Spatio-temporal Causal Learning for Streamflow Forecasting
- URL: http://arxiv.org/abs/2411.17937v1
- Date: Tue, 26 Nov 2024 23:19:56 GMT
- Title: Spatio-temporal Causal Learning for Streamflow Forecasting
- Authors: Shu Wan, Reepal Shah, Qi Deng, John Sabo, Huan Liu, K. Selçuk,
- Abstract summary: Causal Streamflow Forecasting (CSF) is tested in a real-world study in the Brazos River basin in Texas.
Our results demonstrate that our method outperforms regular computational-temporal graph neural networks.
This research offers a novel approach to streamflow prediction, showcasing the potential of combining advanced neural network techniques with domain-specific knowledge.

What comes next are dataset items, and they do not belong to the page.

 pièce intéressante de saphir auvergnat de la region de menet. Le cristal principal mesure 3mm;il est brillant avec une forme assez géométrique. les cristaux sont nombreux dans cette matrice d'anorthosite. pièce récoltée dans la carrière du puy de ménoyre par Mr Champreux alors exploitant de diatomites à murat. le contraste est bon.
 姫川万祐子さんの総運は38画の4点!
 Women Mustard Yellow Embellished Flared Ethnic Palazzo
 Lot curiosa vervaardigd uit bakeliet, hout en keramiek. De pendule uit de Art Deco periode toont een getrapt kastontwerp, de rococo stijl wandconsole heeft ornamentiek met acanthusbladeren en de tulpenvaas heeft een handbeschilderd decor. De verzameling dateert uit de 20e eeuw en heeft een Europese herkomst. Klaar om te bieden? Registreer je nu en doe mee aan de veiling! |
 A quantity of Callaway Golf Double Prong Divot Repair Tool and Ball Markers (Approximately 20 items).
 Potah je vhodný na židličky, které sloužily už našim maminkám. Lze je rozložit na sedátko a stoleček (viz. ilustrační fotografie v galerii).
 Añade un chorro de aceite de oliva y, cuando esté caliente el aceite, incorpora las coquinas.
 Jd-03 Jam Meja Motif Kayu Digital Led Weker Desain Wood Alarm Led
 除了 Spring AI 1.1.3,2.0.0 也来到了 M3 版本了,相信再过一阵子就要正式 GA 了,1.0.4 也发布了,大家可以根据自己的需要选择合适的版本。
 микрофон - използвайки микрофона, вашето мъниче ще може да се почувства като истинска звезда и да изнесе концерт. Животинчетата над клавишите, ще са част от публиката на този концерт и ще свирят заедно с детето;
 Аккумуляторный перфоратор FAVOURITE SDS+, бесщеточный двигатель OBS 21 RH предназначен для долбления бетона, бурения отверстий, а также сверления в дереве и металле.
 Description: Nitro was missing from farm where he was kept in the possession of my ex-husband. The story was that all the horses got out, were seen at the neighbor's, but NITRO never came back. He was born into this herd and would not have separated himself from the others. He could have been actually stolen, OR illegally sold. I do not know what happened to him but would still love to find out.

- Score: 11.820781497467898
- License:
- Abstract: Streamflow plays an essential role in the sustainable planning and management of national water resources. Traditional hydrologic modeling approaches simulate streamflow by establishing connections across multiple physical processes, such as rainfall and runoff. These data, inherently connected both spatially and temporally, possess intrinsic causal relations that can be leveraged for robust and accurate forecasting. Recently, spatio-temporal graph neural networks (STGNNs) have been adopted, excelling in various domains, such as urban traffic management, weather forecasting, and pandemic control, and they also promise advances in streamflow management. However, learning causal relationships directly from vast observational data is theoretically and computationally challenging. In this study, we employ a river flow graph as prior knowledge to facilitate the learning of the causal structure and then use the learned causal graph to predict streamflow at targeted sites. The proposed model, Causal Streamflow Forecasting (CSF) is tested in a real-world study in the Brazos River basin in Texas. Our results demonstrate that our method outperforms regular spatio-temporal graph neural networks and achieves higher computational efficiency compared to traditional simulation methods. By effectively integrating river flow graphs with STGNNs, this research offers a novel approach to streamflow prediction, showcasing the potential of combining advanced neural network techniques with domain-specific knowledge for enhanced performance in hydrologic modeling.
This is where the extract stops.